Сергей Адамович Ковалев вызывал по отношению к себе сильнейшее раздражение своих противников. Правозащитнику с огромным стажем, ему было не привыкать к потокам ненависти и клеветы, к помоям "народного гнева". Сбор подписей в защиту Синявского и Даниэля, издание "Хроники текущих событий" — все это уже в 60-70-е превратило его из уважаемого ученого, кандидата биологических наук, завотделом в научном институте — в изгоя, лишенного работы, отщепенца, а потом и в политзэка.
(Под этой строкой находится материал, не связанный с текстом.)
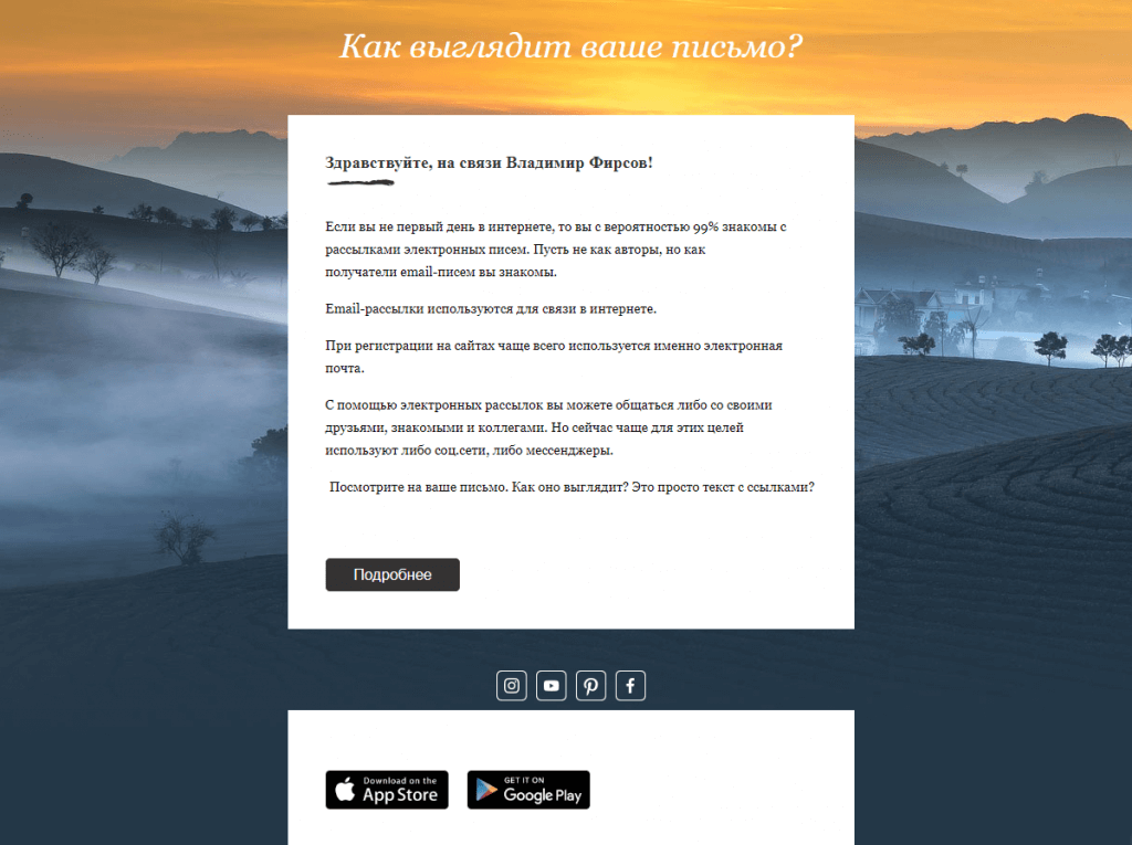 Вот такое письмо получилось. Теперь предстоит куча тестов. Я планирую протестировать верстку в следующих почтовых сервисах и программах:

Что должно произойти в душе биолога, приученного рассматривать мир, как систему, в которой действуют определенные силы, изменить которые невозможно, — чтобы он вышел из-за письменного стола, оставил свои эксперименты, и пошел бороться против государства, чья мощь, казалось, превосходила его многократно? Наверное, четкая и ясная убежденность в том, что нельзя спокойно смотреть на творящиеся несправедливости. Какой же силы должна была быть эта убежденность? И дело, полагаю, не только в ней.
Всем тем, кто в советское время отваживался выступить против системы, мужества и твердости было не занимать — иначе, как решиться противостоять Левиафану? Но в Ковалеве поражает не столько мужество, которого у него, конечно, было очень много, сколько — простите за пафосность — любовь к людям. То чувство, которое очень сложно сохранить в себе, когда ты много лет идешь против течения, постоянно испытываешь напряжение от того, что тебя преследуют, на тебя клевещут, тебя оскорбляют. Сколько мы знаем примеров, когда люди в такой ситуации или ломаются, или сами превращаются в клонов своих противников, только с обратным знаком.
А Сергей Адамович спокойно, с каким-то невероятным достоинством в течение многих лет продолжал делать то, что он считал нужным — защищать права заключенных — любых, потому что кем бы ты ни был на воле, тебя не должны мучить и унижать на зоне.
Защищать права человека — там, где они нуждались в защите — на посту Уполномоченного или в охваченном огнем Грозном. Защищать русских и чеченцев, защищать заложников в больнице в Буденновске — какие бы мерзости потом про него ни придумывали вояки, он защищал ВСЕХ, и как же ясно видна из сегодняшнего дня его правота, когда в те страшные декабрьские дни 1994 года он пытался сделать обреченное дело — остановить войну, понимая, предчувствуя, в какую незаживающую язву она с годами перерастет. И говорил то, что думал, не задумываясь о последствиях, хотя сразу находились те, кто извращали и перевирали его слова и действия.
Но что бы ни происходило вокруг него, какие бы новые ужасы ни обрушивались на нашу несчастную страну, он продолжал проповедовать любовь. В отличие от некрасовского героя он не хотел "проповедовать любовь враждебным словом отрицанья", он просто проповедовал любовь, нет — он защищал любовь всеми своими действиями и выступлениями.
И умер во сне — смерть праведника. Пусть земля вам будет пухом, Сергей Адамович.